What is required
Wherever the listing holds a picture, leave it out, and copy the remainder exactly.

Information supplied
───
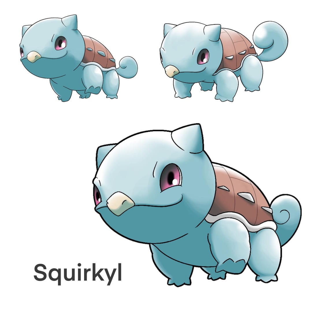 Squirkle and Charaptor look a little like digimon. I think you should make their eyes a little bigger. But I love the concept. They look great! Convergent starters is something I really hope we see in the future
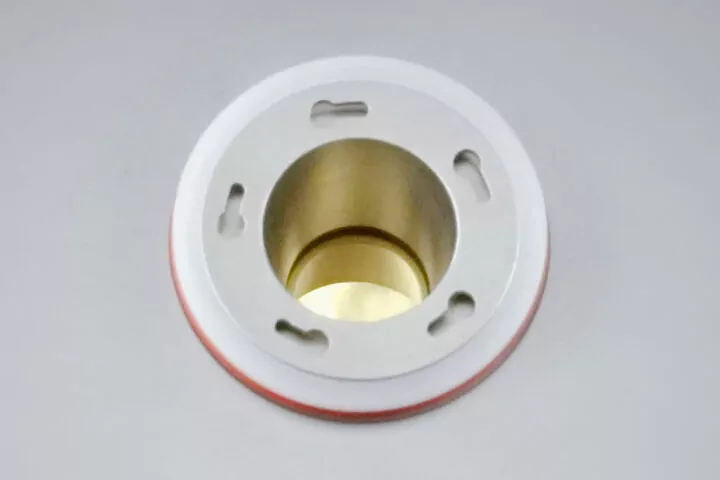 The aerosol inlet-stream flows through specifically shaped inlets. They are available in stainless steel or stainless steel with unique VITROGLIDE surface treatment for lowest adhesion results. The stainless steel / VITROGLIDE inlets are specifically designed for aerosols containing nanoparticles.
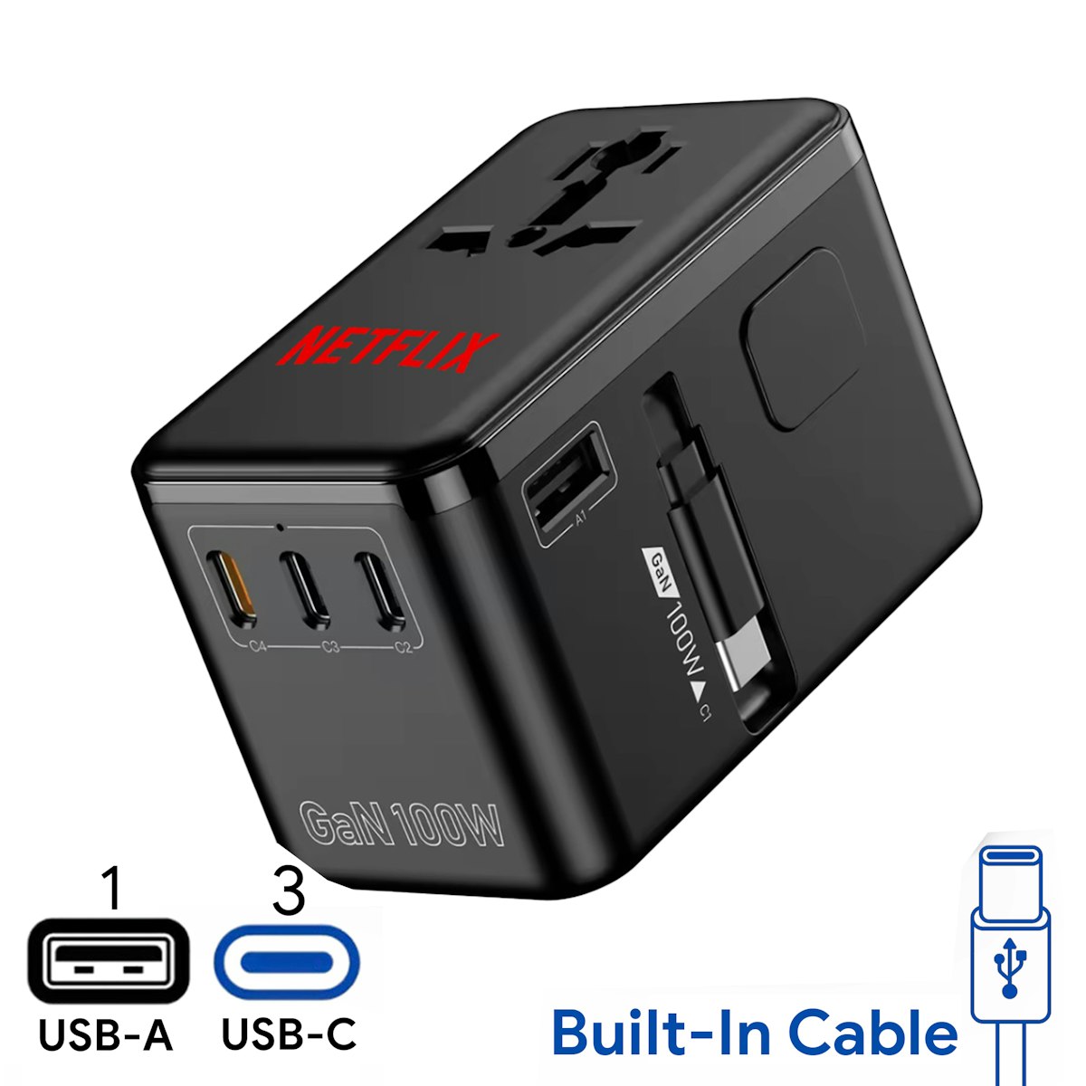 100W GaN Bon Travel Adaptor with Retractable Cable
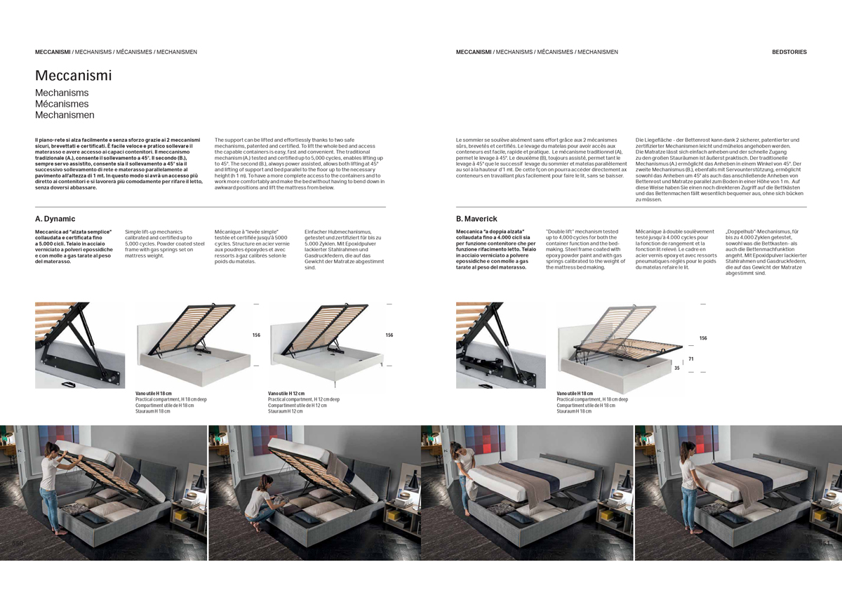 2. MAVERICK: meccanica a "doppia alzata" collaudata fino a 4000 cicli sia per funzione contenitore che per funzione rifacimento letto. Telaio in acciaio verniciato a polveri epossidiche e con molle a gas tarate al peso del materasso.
───
Reply
 Squirkle and Charaptor look a little like digimon. I think you should make their eyes a little bigger. But I love the concept. They look great! Convergent starters is something I really hope we see in the future
 The aerosol inlet-stream flows through specifically shaped inlets. They are available in stainless steel or stainless steel with unique VITROGLIDE surface treatment for lowest adhesion results. The stainless steel / VITROGLIDE inlets are specifically designed for aerosols containing nanoparticles.
 100W GaN Bon Travel Adaptor with Retractable Cable
 2. MAVERICK: meccanica a "doppia alzata" collaudata fino a 4000 cicli sia per funzione contenitore che per funzione rifacimento letto. Telaio in acciaio verniciato a polveri epossidiche e con molle a gas tarate al peso del materasso.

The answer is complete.